**PROBLEM REQUIREMENTS:**
Copy out the lines beginning at the one with "スカート プリーツティアードスカートA レディースファッション" and ending at the last line of the data, both included; pictures stay out.
EXCERPTED RECORDS below:
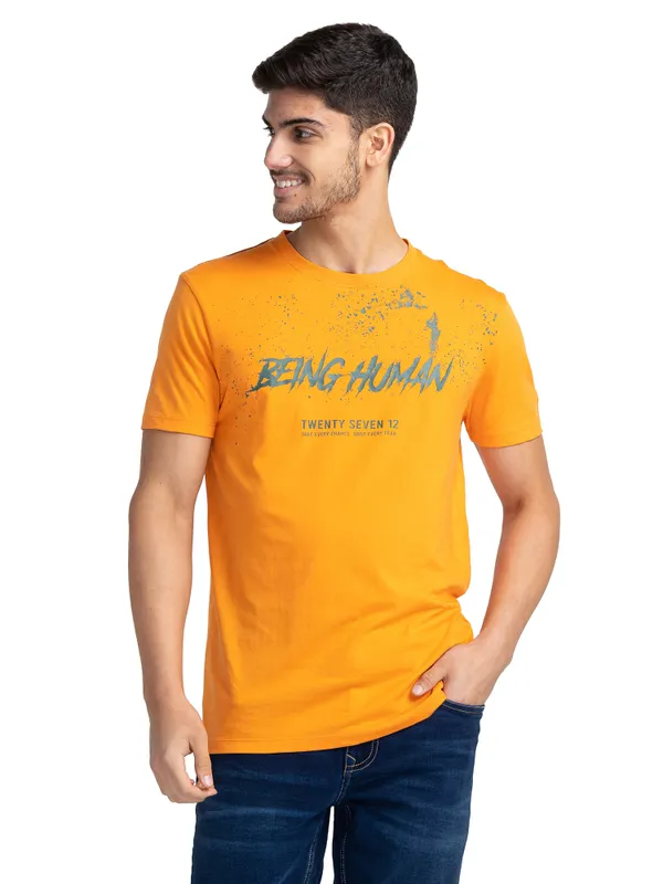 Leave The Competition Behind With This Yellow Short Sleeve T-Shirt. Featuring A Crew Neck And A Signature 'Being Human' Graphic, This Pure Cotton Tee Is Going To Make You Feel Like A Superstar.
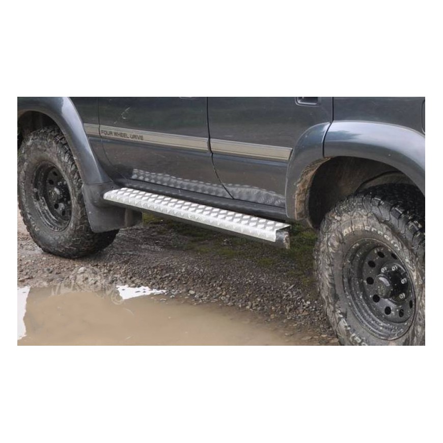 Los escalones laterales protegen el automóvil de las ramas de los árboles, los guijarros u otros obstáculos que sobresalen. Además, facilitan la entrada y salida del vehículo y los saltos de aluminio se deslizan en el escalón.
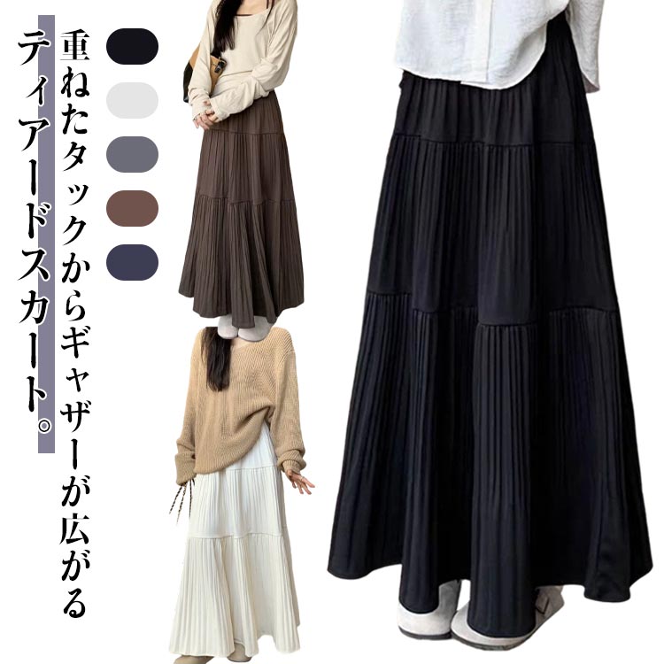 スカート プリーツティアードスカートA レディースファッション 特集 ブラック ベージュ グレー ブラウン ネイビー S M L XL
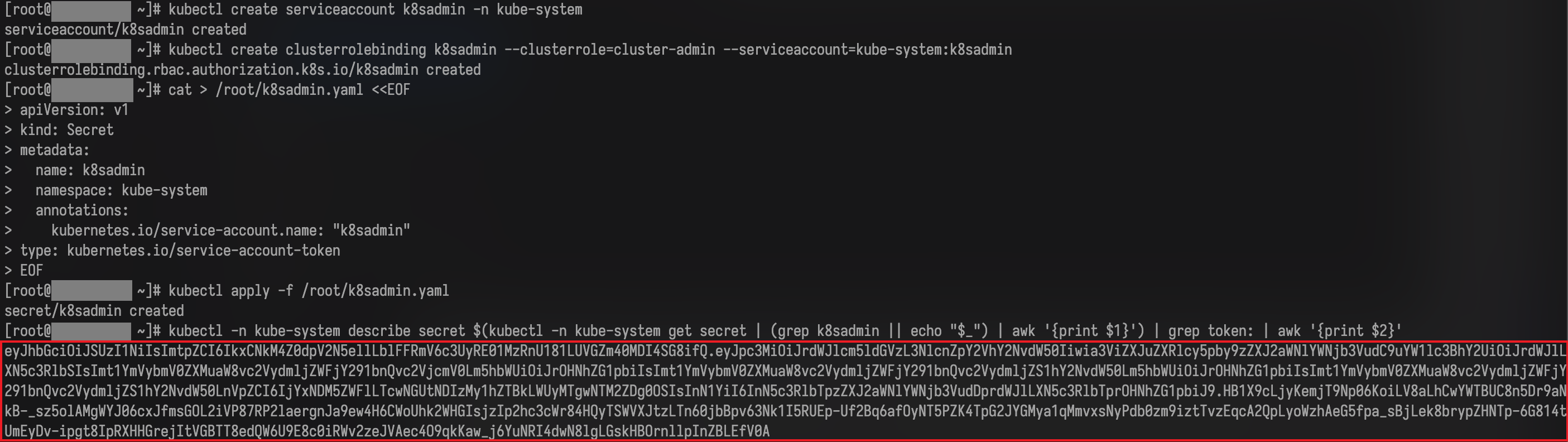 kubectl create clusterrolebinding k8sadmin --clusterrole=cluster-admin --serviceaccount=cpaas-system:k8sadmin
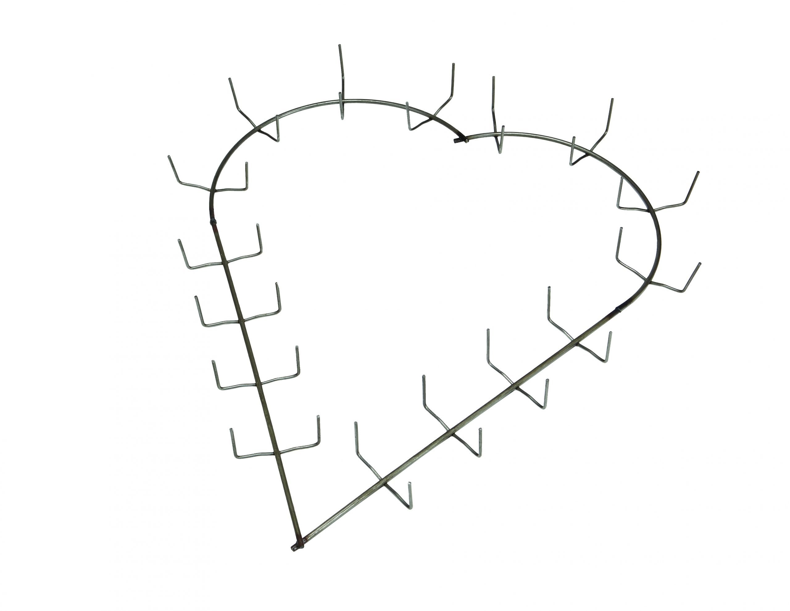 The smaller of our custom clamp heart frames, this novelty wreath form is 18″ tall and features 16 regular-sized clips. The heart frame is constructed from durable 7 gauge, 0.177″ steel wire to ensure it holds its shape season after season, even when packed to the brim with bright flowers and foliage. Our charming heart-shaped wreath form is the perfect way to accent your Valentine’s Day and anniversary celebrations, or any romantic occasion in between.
End of EXCERPTED RECORDS.
**SOLUTION:**
 スカート プリーツティアードスカートA レディースファッション 特集 ブラック ベージュ グレー ブラウン ネイビー S M L XL
 kubectl create clusterrolebinding k8sadmin --clusterrole=cluster-admin --serviceaccount=cpaas-system:k8sadmin
 The smaller of our custom clamp heart frames, this novelty wreath form is 18″ tall and features 16 regular-sized clips. The heart frame is constructed from durable 7 gauge, 0.177″ steel wire to ensure it holds its shape season after season, even when packed to the brim with bright flowers and foliage. Our charming heart-shaped wreath form is the perfect way to accent your Valentine’s Day and anniversary celebrations, or any romantic occasion in between.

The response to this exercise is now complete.